Ces résultats d’observation sont présentés comme Gianni Cataldi et al. « Molecules with ALMA at Planet-forming Scales (MAPS) X: Studying deutation at high angulaire resolution to protoplanetary disks » et Yuri Aikawa et al. « Molécules avec ALMA à l’échelle de la formation de planètes (MAPS) XIII : HCO+ and disk ionization structure » et 18 autres articles dans le numéro spécial MAPS de la série de suppléments Astrophysical Journal.

Cette recherche a été soutenue par :

JSPS KAKENHI (No. 18H05222, 20H05844, 20H05847, 18H05441, JP17K14244 et JP20K04017), NAOJ ALMA Joint Scientific Research Program (2019-13B, 2018-10B), World-leader Innovative Graduate Study Program (WINGS) de l’Université de Tokyo, Nasa Bourse Hubble (HST-HF2-51401.001, HST-HF2-51419.001, HST-HF2-51427.001-A, HST-HF2-51429.001-A, HST-HF2-51405.001-A, HST-HF2-51460.001-A), NASA Subvention (n° 17-XRP17 2-0012), subvention NSF AAG (n° 1907653), FONDECYT Iniciación 11180904 et projet ANID Basal AFB-170002, NSF Graduate Research Fellowship under Grant n° DGE1745303, subvention de la Natural Science Foundation of China n° 11973090 , Fondation David et Lucille Packard et Johnson & Johnson’s WiSTEM2D Program, Science and Technology Facilities Council du Royaume-Uni (ST/T000287/1, ST/R000549/1, MR/T040726/1), bourse CNES, ANR de France sous contrats ANR-16-CE31-0013 et ANR-15-IDEX-02, Simons Foundation (SCOL #321183), Wisconsin Alumni Research Foundation et Smithsonian Institution.

L’Atacama Large Millimeter/submillimeter Array (ALMA), une installation internationale d’astronomie, est un partenariat de l’Organisation européenne pour la recherche astronomique dans l’hémisphère sud (CETTE), la National Science Foundation (NSF) des États-Unis et les National Institutes of Natural Sciences (NINS) du Japon en coopération avec la République du Chili.
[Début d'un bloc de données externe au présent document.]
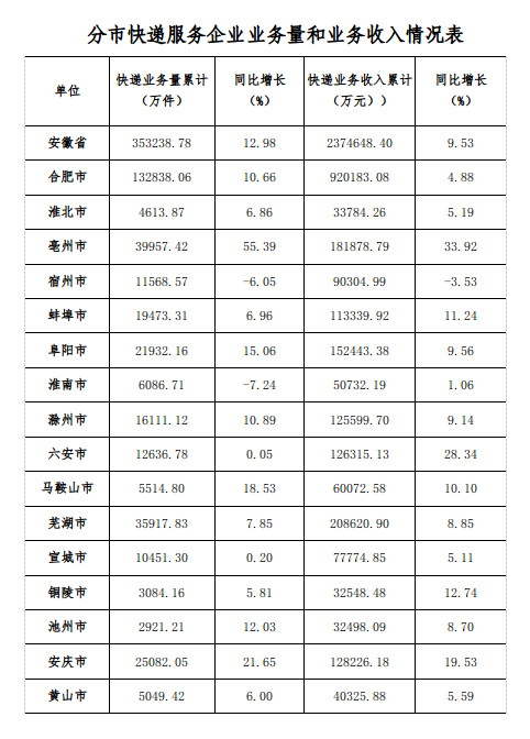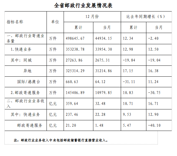 12月份,邮政行业业务收入(不包括邮政储蓄银行直接营业收入)完成32.48亿元,同比上升16.71%。其中,365体育网址_365scores下载_365app手机版官方业务收入完成22.28亿元,同比上升12.90%;邮政寄递服务业务收入完成1.48亿元,同比下降40.10%。
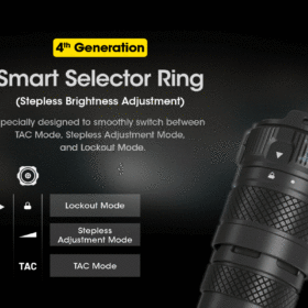 Nitecore SRT7i is equipped with the 4th generation Smart Selector Ring, available with rotation & press for one-handed control of modes switching and stepless brightness adjustment, ideal for instant response in tactical applications.

ALMA est financé par l’ESO au nom de ses États membres, par la NSF en coopération avec le Conseil national de recherches du Canada (NRC) et le ministère de la Science et de la Technologie (MOST) et par le NINS en coopération avec l’Academia Sinica (AS) à Taïwan. et l’Institut coréen d’astronomie et des sciences spatiales (KASI).

La construction et l’exploitation d’ALMA sont dirigées par l’ESO au nom de ses États membres ; par le National Radio Astronomy Observatory (NRAO), géré par Associated Universities, Inc. (AUI), au nom de l’Amérique du Nord; et par l’Observatoire astronomique national du Japon (NAOJ) au nom de l’Asie de l’Est. L’Observatoire conjoint ALMA (JAO) assure la direction et la gestion unifiées de la construction, de la mise en service et de l’exploitation d’ALMA.